Рыба была слегка подгорелой и оставляла на пальцах липкий жир, но за время своего блуждания сперва по причалу, а затем и по Моряцким кварталам он успел изрядно проголодаться, и поэтому съел ее всю без остатка едва ли не за минуту. Нечто, напоминающее грибы, оказалось морскими гребешками, хотя на вкус почти не отличалось от тех же грибов – по мнению Бёрджеса, столь же скользкая мягкая дрянь. К водорослям он притронулся со всей возможной осторожностью – все, что было связано с травой или листьями, Бёрджес не любил, но, как ни странно, морская растительность была не так уж и плоха – в любом случае, помимо скрипучей на зубах соли, он ничего не ощутил. А вот эль оказался преотвратным – куда ему было до «Синего зайца», который наливали в его любимом пабе «Колокол и Шар».

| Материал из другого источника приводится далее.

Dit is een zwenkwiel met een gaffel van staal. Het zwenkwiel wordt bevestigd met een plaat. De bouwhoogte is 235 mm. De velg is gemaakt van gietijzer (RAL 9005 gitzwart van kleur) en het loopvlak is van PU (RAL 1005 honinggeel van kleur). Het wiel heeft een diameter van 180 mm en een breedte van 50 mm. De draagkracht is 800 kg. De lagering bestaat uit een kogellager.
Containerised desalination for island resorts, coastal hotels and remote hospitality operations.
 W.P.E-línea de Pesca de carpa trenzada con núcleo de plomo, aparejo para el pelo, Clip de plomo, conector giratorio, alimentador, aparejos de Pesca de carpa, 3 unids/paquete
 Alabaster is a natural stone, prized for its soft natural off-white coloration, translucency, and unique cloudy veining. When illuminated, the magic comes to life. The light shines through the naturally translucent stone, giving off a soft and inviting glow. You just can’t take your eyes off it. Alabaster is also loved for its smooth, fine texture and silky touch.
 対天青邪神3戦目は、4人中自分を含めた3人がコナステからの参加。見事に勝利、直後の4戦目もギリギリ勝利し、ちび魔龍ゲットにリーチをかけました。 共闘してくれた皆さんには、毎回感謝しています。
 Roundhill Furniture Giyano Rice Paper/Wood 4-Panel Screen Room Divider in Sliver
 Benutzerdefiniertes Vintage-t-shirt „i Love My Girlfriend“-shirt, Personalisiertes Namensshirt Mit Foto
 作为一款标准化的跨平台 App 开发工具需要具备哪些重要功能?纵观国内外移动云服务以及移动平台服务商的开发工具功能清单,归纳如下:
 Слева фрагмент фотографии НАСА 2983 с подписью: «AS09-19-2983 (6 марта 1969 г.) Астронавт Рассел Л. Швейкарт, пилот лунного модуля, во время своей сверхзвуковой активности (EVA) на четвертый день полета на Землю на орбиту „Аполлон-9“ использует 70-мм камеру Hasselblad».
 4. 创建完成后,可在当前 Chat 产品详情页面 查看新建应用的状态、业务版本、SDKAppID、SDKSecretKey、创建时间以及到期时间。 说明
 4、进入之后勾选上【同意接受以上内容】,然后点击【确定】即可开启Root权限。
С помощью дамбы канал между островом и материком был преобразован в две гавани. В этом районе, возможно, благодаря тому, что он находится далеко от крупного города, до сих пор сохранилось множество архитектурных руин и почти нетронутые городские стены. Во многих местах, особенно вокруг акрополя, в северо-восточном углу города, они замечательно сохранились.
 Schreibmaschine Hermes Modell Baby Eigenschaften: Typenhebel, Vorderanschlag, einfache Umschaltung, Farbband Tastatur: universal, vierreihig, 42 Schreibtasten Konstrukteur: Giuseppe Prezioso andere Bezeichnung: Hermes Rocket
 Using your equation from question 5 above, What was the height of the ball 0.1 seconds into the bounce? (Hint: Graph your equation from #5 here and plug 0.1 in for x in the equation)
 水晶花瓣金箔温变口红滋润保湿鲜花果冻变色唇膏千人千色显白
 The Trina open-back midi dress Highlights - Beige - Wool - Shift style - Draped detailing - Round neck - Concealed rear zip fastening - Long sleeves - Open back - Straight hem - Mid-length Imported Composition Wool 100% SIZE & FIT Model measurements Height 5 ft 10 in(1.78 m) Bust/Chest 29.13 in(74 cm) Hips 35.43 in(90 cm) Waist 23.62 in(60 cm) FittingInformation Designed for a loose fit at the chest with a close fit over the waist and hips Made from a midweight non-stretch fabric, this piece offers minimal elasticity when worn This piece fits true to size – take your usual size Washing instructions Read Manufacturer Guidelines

Обед вышел хоть и сытным, но в целом разочаровывающе досадным. От рыбы и гребешков рот был полон горечи, а от эля тут же появилась изжога, голова отяжелела, и Бёрджес решил, что с этой минуты не притронется к стряпне во Фли, если ее приготовила не мадам Бджиллинг.

Покончив с едой, он заозирался кругом, пытаясь слушать, о чем говорят прочие посетители харчевни.

Беседы в основном велись об улове, о картах и о каком-то адмирале, в честь которого местные то и дело поднимали кружки. Кто-то рассуждал о том, что море, мол, снова готовит подлость: все знаки якобы имеются и скоро объявят штормовое предупреждение. Ему отвечали, чтобы не молол чепухи – никакой бури в ближайший месяц не будет. Другие сетовали на свою дрянную жизнь, на несносную женушку, на непослушных детей, на нескончаемую простуду, на не подтвердившиеся слухи и на дыры в карманах, через которые – вот странность-то! – постоянно куда-то утекают те жалкие гроши, что с таким трудом удается зарабатывать.

Один из стариков за соседним столом вдруг назвал знакомое прозвище, и Бёрджес навострил уши.

– Чернобрюх?! Да у тебя башка прохудилась!

– А чего? – выпустив изо рта струю дыма, его сосед по столу принялся чистить трубку. – Он ведь быстрый и ловкий. На него и поставлю.

– Ну, если стащил пару «пуговиц» из женушкиного подола, то и ставь. Чернобрюх, может, и ловкий, да он же не видит ничего – ему бы очки надеть.

В разговор вклинился третий старик. Гневно потрясая седыми бакенбардами, он возразил:

– Вот Удильщик так и вовсе слепой, но это не мешает ему драть этих неуклюжих болванов! Он еще не занимал мест ниже третьего.

– Так то Удильщик, – ответил первый старик. – Он хитрый и умеет ждать. Но, поверь моему опыту, пока есть Скорлупа, ни Удильщик, ни Подлец, ни Крюк чемпионами не будут. Его броню никто не может пробить. Как он держался на той неделе, а? Простоял все семь раундов и ни одной царапины – это же загляденье было! Шиповник к нему подступался со всех сторон, прыгал, заходил со спины, да что толку! Скорлупа, может, и старый боец, да он умеет выматывать молодых. Недаром он ходит в любимчиках у Дядюшки Фобба.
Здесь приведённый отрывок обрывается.